- [Problem details]
The entries below are to be restated exactly, and their images are to be omitted.

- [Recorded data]
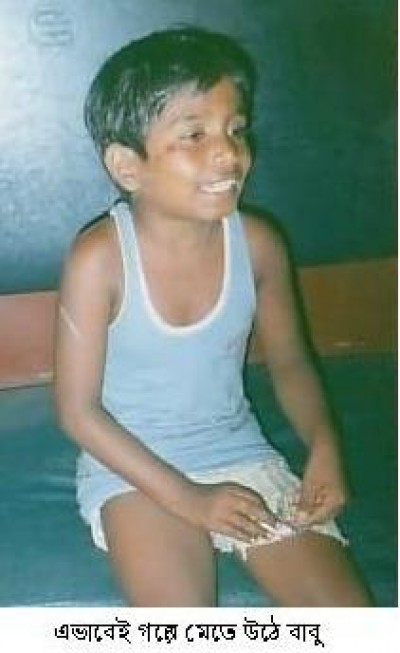 8-9 বছর বয়সের বাবু। পুরো নাম নূর মোহাম্মদ বাবু। নিস্পাপ চেহারার এই ছেলেকে আত্রাই-পার্বতীপুরগামী যে কোন ট্রেনে উঠলেই পাওয়া যাবে। মলিন প্রায় গেঞ্জি আর হাফ প্যান্ট পরে ঘুরছে বগী থেকে বগীতে। এভাবে তার সারা দিনই প্রায় কেটে যায়। আর সারা দিন সে মাত্র 20 টাকার জন্যে খাটে। এই 20 টাকায় রাতের খাওয়া হবে বাবু আর তার মা-ভাইয়ের।
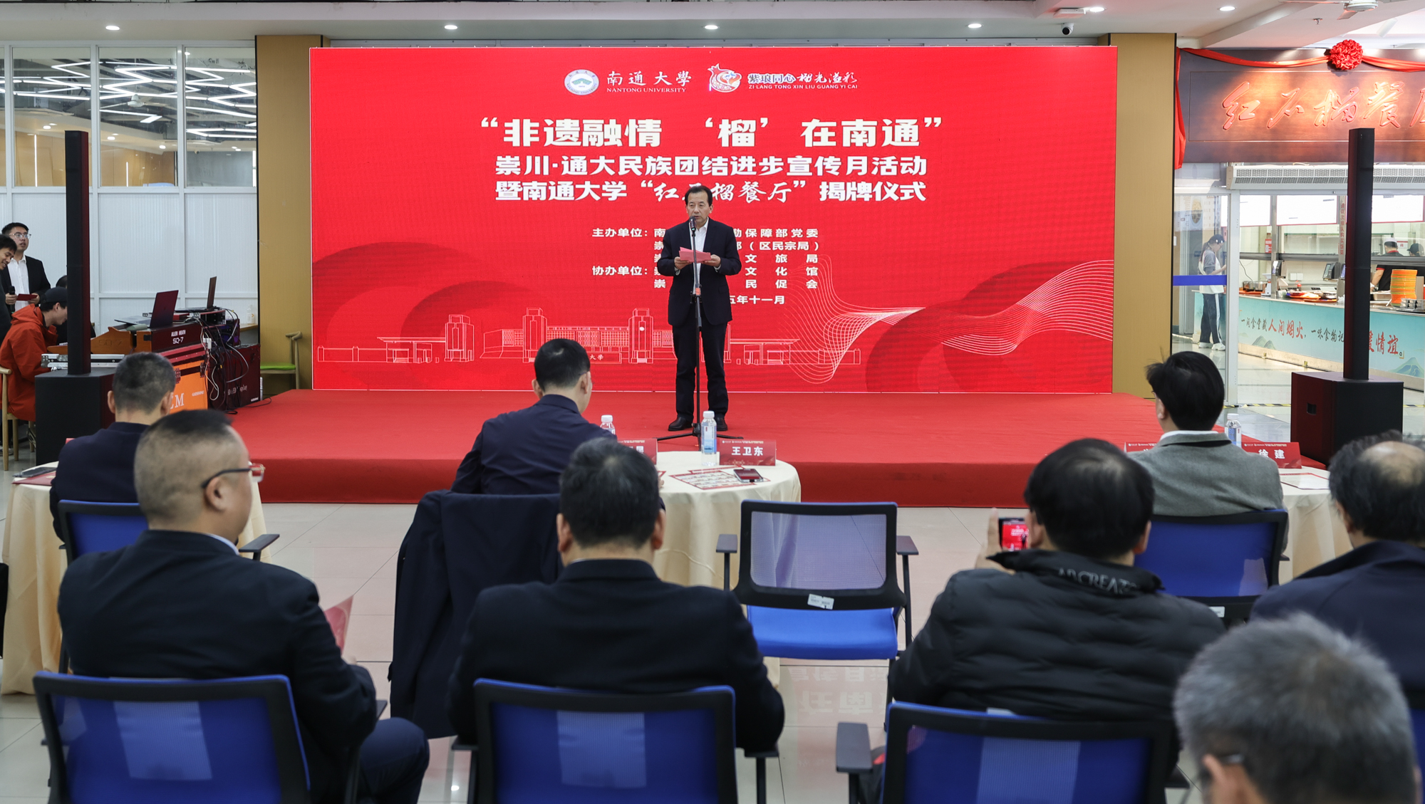 为进一步贯彻落实党的二十届四中全会精神、习近平总书记关于加强和改进民族工作的重要思想,11月24日下午,后勤保障部党委联合崇川区委统战部(区民宗局)、崇川区文旅局在啬园校区二食堂举行“非遗融情‘榴’在南通”崇川·通大民族团结进步宣传月活动暨南通大学“红石榴餐厅”揭牌仪式。校党委副书记王卫东,崇川区委常委、组织部部长、统战部部长张明星,校党委常委、统战部部长朱城等共同为“红石榴餐厅”揭牌。
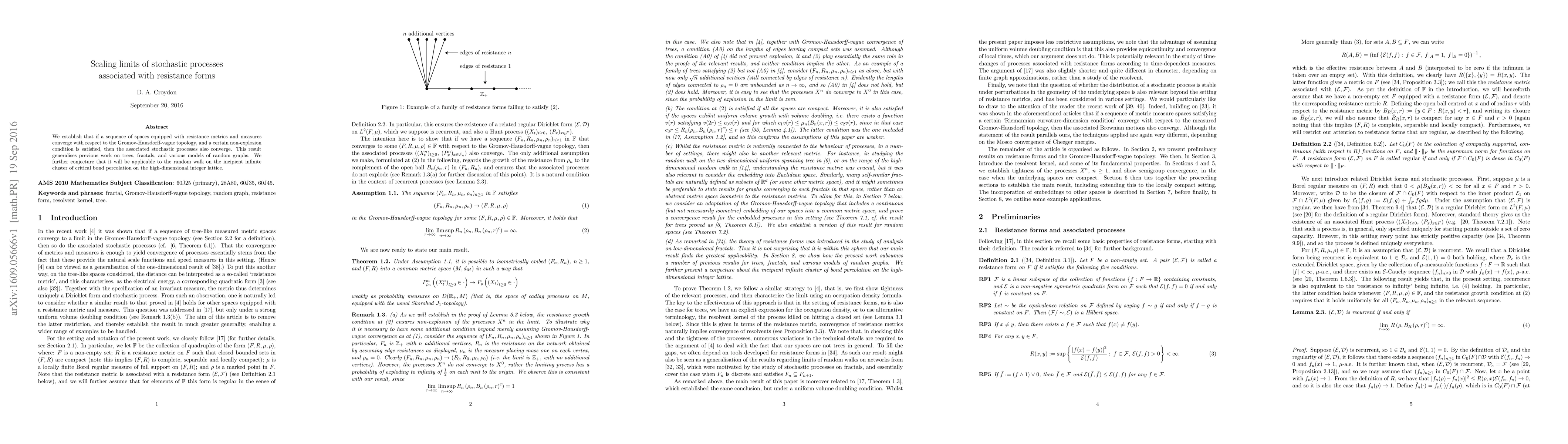 This paper proves that stochastic processes linked to sequences of spaces with converging resistance metrics and measures, under a non-explosion condition, also converge. This generalizes prior results for trees, fractals, and random graphs, and suggests potential application to random walks in critical percolation models.
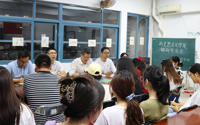 近日,马克思主义学院领导深入桃苑五号楼学生宿舍开展“我为师生办实事”主题调研活动,进一步落实“再学习、再调研、再落实”活动要求。学院领导张爱民、叶龙祥、全体辅导员及部分宿舍舍长参与了调研活动。
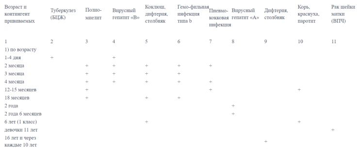 Ранее сообщалось, что в перечень заболеваний, против которых проводятся обязательные профилактические прививки, вошли: вирусный гепатит А (В15), вирусный гепатит В (В16), гемофильная инфекция типа b (В96.3), дифтерия (А36), злокачественные новообразования шейки матки (С53), коклюш (А37), корь (В05), краснуха (В06), пневмококковая инфекция (В95.3), полиомиелит (А80), столбняк (А33-А35), туберкулез (А15-А19) и эпидемический паротит (В26).

- [Exercise output]
 8-9 বছর বয়সের বাবু। পুরো নাম নূর মোহাম্মদ বাবু। নিস্পাপ চেহারার এই ছেলেকে আত্রাই-পার্বতীপুরগামী যে কোন ট্রেনে উঠলেই পাওয়া যাবে। মলিন প্রায় গেঞ্জি আর হাফ প্যান্ট পরে ঘুরছে বগী থেকে বগীতে। এভাবে তার সারা দিনই প্রায় কেটে যায়। আর সারা দিন সে মাত্র 20 টাকার জন্যে খাটে। এই 20 টাকায় রাতের খাওয়া হবে বাবু আর তার মা-ভাইয়ের।
 为进一步贯彻落实党的二十届四中全会精神、习近平总书记关于加强和改进民族工作的重要思想,11月24日下午,后勤保障部党委联合崇川区委统战部(区民宗局)、崇川区文旅局在啬园校区二食堂举行“非遗融情‘榴’在南通”崇川·通大民族团结进步宣传月活动暨南通大学“红石榴餐厅”揭牌仪式。校党委副书记王卫东,崇川区委常委、组织部部长、统战部部长张明星,校党委常委、统战部部长朱城等共同为“红石榴餐厅”揭牌。
 This paper proves that stochastic processes linked to sequences of spaces with converging resistance metrics and measures, under a non-explosion condition, also converge. This generalizes prior results for trees, fractals, and random graphs, and suggests potential application to random walks in critical percolation models.
 近日,马克思主义学院领导深入桃苑五号楼学生宿舍开展“我为师生办实事”主题调研活动,进一步落实“再学习、再调研、再落实”活动要求。学院领导张爱民、叶龙祥、全体辅导员及部分宿舍舍长参与了调研活动。
 Ранее сообщалось, что в перечень заболеваний, против которых проводятся обязательные профилактические прививки, вошли: вирусный гепатит А (В15), вирусный гепатит В (В16), гемофильная инфекция типа b (В96.3), дифтерия (А36), злокачественные новообразования шейки матки (С53), коклюш (А37), корь (В05), краснуха (В06), пневмококковая инфекция (В95.3), полиомиелит (А80), столбняк (А33-А35), туберкулез (А15-А19) и эпидемический паротит (В26).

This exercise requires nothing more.